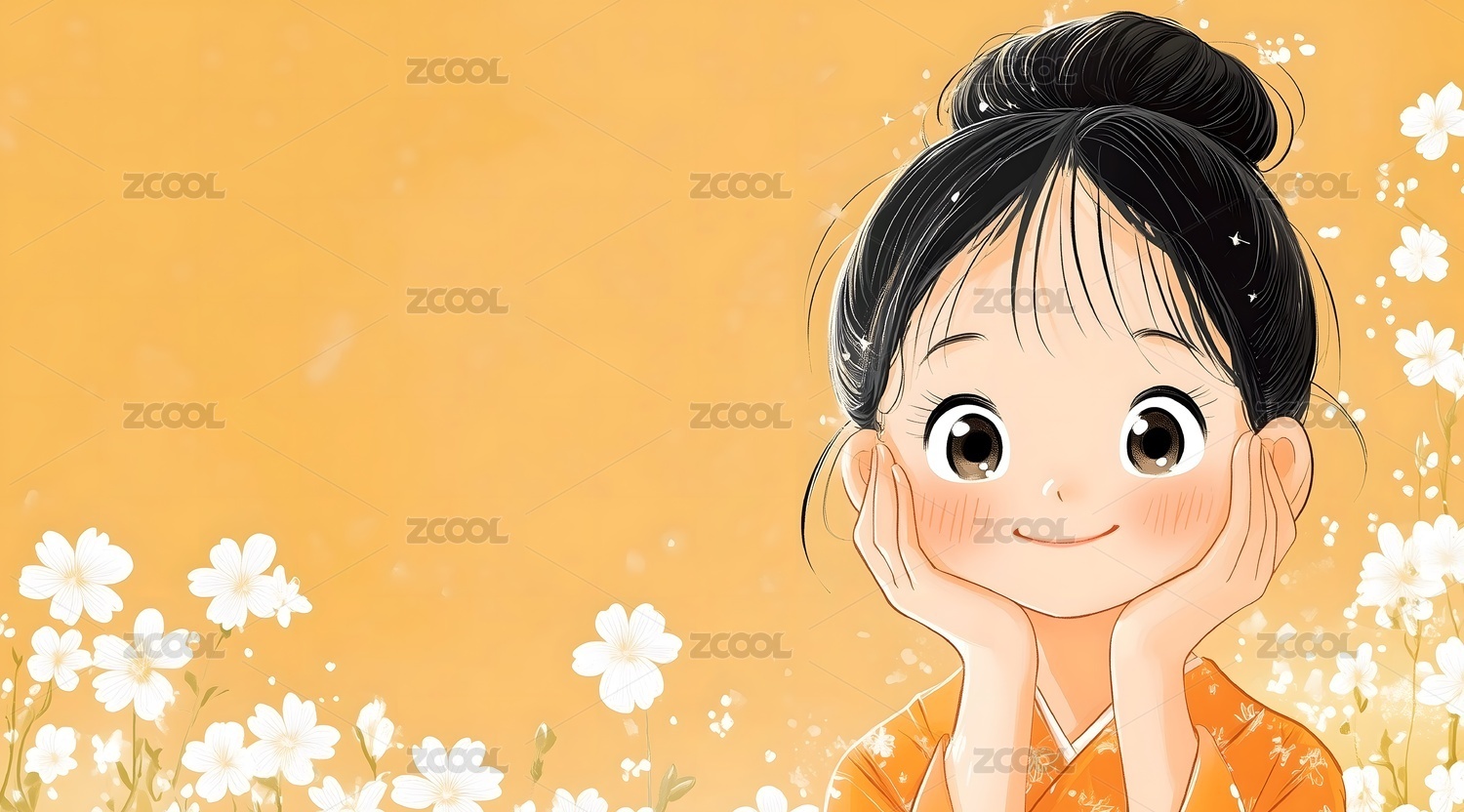手托脸颊的橙色发饰女孩
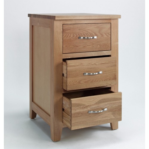 The Sherwood Oak range is made of a high quality grade of oak and exhibits all the hallmarks of quality furniture.These include wood-panelled drawer bases and cabinet backs and the use of dovetailed joints in constructing drawers.Sherwood Oak furniture features a decorative curved beading to the underside of cabinet tops and chamfered, rather than square finished leg ends to all floor-standing cabinets.Sherwood Oak furniture has a light oak appearance and is finished in a hard-wearing, satin lacquer finish. Carefully selected oak veneers are used in the side panels of certain items with the Sherwood Oak range.
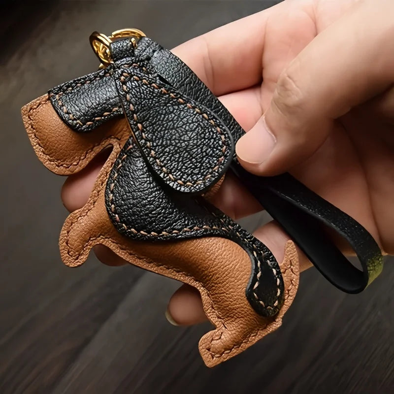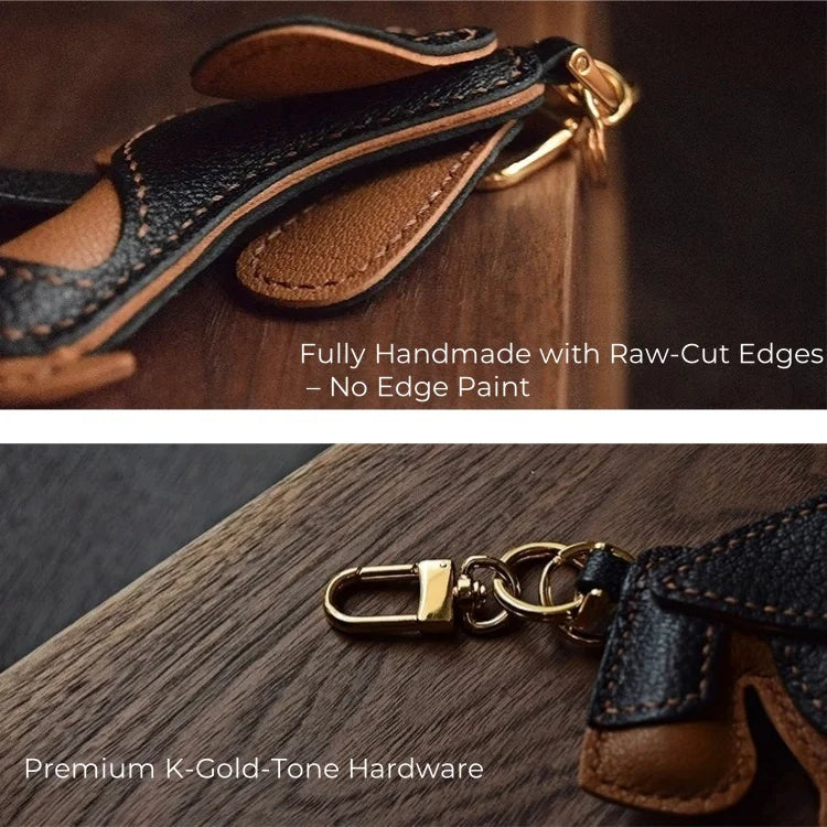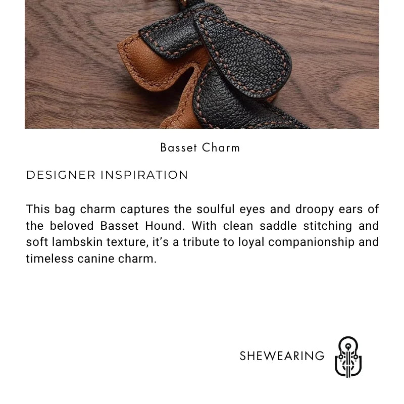 Handcrafted from full-grain lambskin, this Basset Hound Leather Bag Charm brings the gentle spirit of this iconic long-eared breed to life. The expressive eyes, signature droopy ears, and downturned mouth are carefully shaped and saddle-stitched to reflect both personality and elegance. With a refined palette of tan, brown, and ivory, this design evokes warmth and loyalty, making it ideal as a heartfelt gift for pet lovers or as a unique accessory for your bag. Compact yet eye-catching, this piece adds both character and craftsmanship to everyday carry.
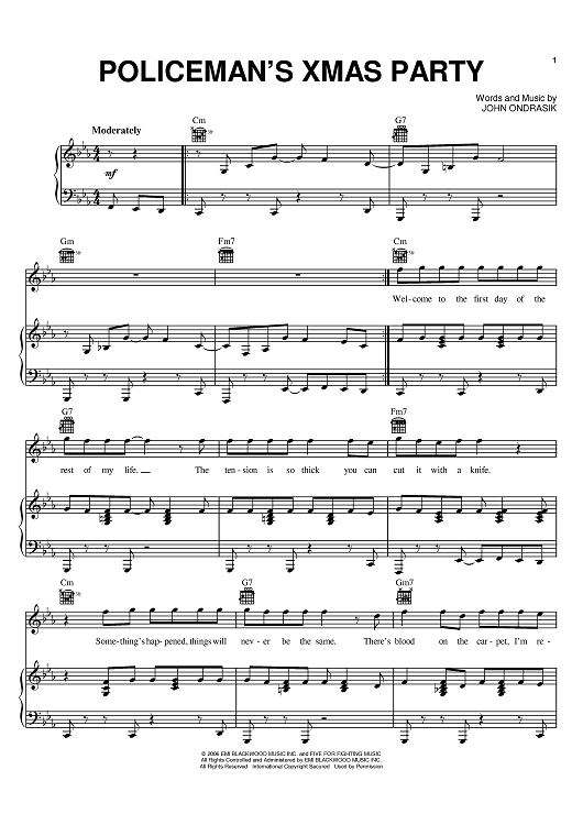 "Policeman's Xmas Party" Sheet Music by Five for Fighting
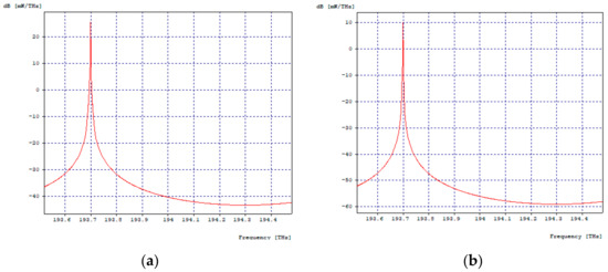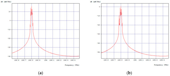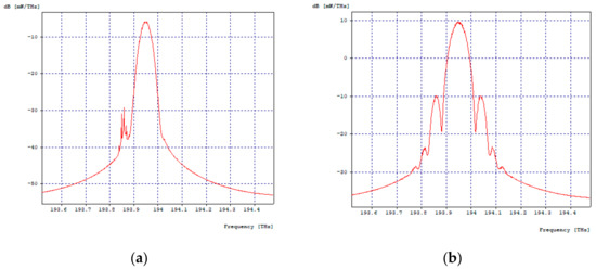 In the 40 Gbps channel, a small de-formation is observed to the left of the optical spectrum, which corresponds to the interference caused by the adjacent 10 Gbps channel. It should be noted that the spacing between the second 10 Gbps channel and the 40 Gbps channel is not sufficient for the lower speed channel not to affect the optical spectrum of the higher speed channel, but it does not affect data transmission, achieving a BER of 10−40 for both channels, Figure 5a,b.
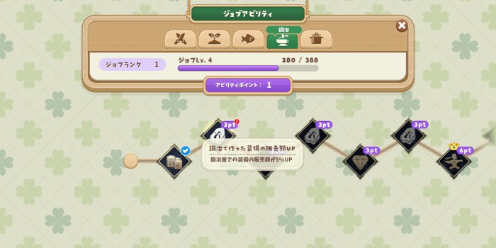 鍛冶アビリティは一本道なので順番にアビリティを習得していきましょう。
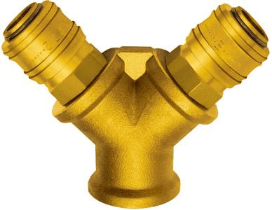 Z mosiądzu, z gwintem wewnętrznym (GW), z dwoma rozgałęzieniami z szybkozłączkami NW 7,2.
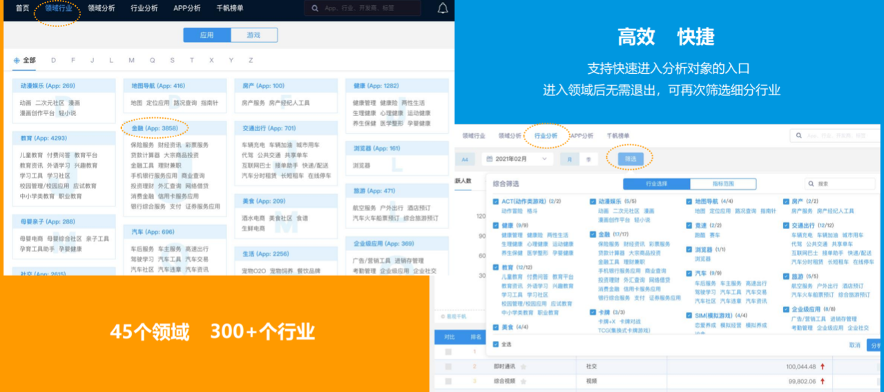 易观千帆是国内权威的数字经济洞察平台,基于数字用户在移动端的海量数据,建立客观、权威的移动应用评级,分析用户行为特征,建立数字消费者用户画像,为客户提供内部运营决策和外部竞争分析的一站式服务。产品覆盖24.5亿终端、6.7亿移动端月活用户,金融、汽车、零售等45个领域、超300个行业、5万余个APP数据指标。
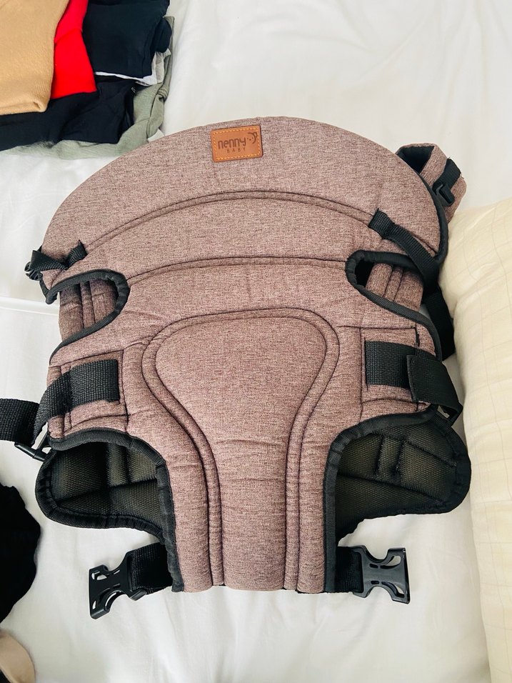 Ayarlanabilir kayışlara ve rahat taşıma için yastıklı desteğe sahip kahverengi bebek taşıyıcıdır. Bebeğinizi güvenle taşımak için uygundur.

### [What the task requires]
Write out exactly the run of lines above that starts at the line containing "鍛冶アビリティは一本道なので順番にアビリティを習得していきましょう。" and ends at the line containing "易观千帆是国内权威的数字经济". Include both, and leave the pictures out.

### [Result for this exercise]
 鍛冶アビリティは一本道なので順番にアビリティを習得していきましょう。
 Z mosiądzu, z gwintem wewnętrznym (GW), z dwoma rozgałęzieniami z szybkozłączkami NW 7,2.
 易观千帆是国内权威的数字经济洞察平台,基于数字用户在移动端的海量数据,建立客观、权威的移动应用评级,分析用户行为特征,建立数字消费者用户画像,为客户提供内部运营决策和外部竞争分析的一站式服务。产品覆盖24.5亿终端、6.7亿移动端月活用户,金融、汽车、零售等45个领域、超300个行业、5万余个APP数据指标。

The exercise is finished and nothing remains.